Война не щадит никого, ни богатых, ни бедных, ни больных, ни здоровых, ни грешных, ни праведных. Она идёт по земле, оставляя за собой разрушенные города, дотла сожжённые деревни, целые аллеи из трупов до смерти замученных детей и стариков, гниющих на земле, насквозь пропитанной слезами и кровью. Ей почти не ведомы слова: «жалость» и «сострадание». И редкий человек способен проявить их, когда над головой свистят пули и каждая грозится его изувечить, а то и убить. Война обнажает самые тёмные стороны человеческого существа и под страхом смерти заставляет его извергать всю эту мерзость наружу, заражая ею других и попирая всякие понятия человечности. Похоже, нет в мире силы, способной заставить солдат сложить оружие, кроме той, что заставила их взять его в руки. Ведь голос разума и все учения о мире меркнут на фоне громких речей алчных правителей, что глядя на человека, видят в нём лишь инструмент своей воли.

Простояв несколько секунд в ступоре, я тяжело сглотнув, поставил пистолет на предохранитель и убрал в кобуру. Гришка по-прежнему оживлённо рылся в мешке и что-то бормотал себе под нос, жуя папиросу.

- Ай, чтоб тебя, голова дырявая! – Вдруг воскликнул он и шлёпнул себя ладонью по лбу, - не уж-то в машине оставил…

- Опять потерял чего? – спросил я, усмехнувшись.

- Да книжку записную в машине оставил, – похлопывая по карманам заявил Гришка.

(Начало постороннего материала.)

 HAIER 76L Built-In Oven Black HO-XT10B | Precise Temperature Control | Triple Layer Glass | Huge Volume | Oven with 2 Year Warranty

- Да и чёрт с ней! Думаю, сейчас она нам не понадобится. Лучше, думай, откуда снимать будем.

- И то верно, – без тени досады, спокойно произнёс Гришка и поднялся с земли, отряхивая штаны и осматривая местность в поиске наиболее удачного места.

Это было нашим первым заданием как военных корреспондентов. Возможно, отснятые нами кадры войдут в одну из кинохроник. А быть может, они затеряются в архивах, среди множества подобных плёнок. Но я точно знаю, что наша миссия не бессмысленна. Наш долг – показать войну в её истинном обличии и тем самым предостеречь своих детей, внуков и правнуков. Как бы ни были связанны руки людей долгом, как бы далеко они не стояли от принятия решений государственных масштабов, всё же, именно люди берут в руки оружие и именно люди убивают людей.

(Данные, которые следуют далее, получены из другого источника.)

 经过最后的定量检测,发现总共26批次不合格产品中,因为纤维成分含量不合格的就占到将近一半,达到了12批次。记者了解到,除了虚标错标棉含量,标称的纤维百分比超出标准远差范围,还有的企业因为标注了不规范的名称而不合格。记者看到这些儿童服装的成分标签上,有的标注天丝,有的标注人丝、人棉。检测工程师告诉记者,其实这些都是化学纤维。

Рыскающий в поисках места, взгляд Гришки вдруг остановился на роще, в метрах трёхстах на северо-запад от нас.

- Гляди! – ткнул пальцем в её сторону Гришка.

- Ага…

- Во-о-он там, промеж деревьев, присмотрись.

Я, прищурившись, вгляделся вдаль. Между деревьев, на том краю рощи, виднелся невысокий холм, который, наверняка, послужил бы прекрасным местом для оператора.

- Та высота?

- Да-да, именно она.

- Отлично, туда и направимся.

Гришка растоптал папиросу, и мы быстрым шагом двинулись в сторону рощи. Тучи всё плотнее затягивали небеса, окрашивая их в тёмно-синий, местами даже чёрный оттенок. Ветер заметно усилился и, казалось, будто холодом своим он пронизывает тело насквозь, атакуя нас своими яростными порывами.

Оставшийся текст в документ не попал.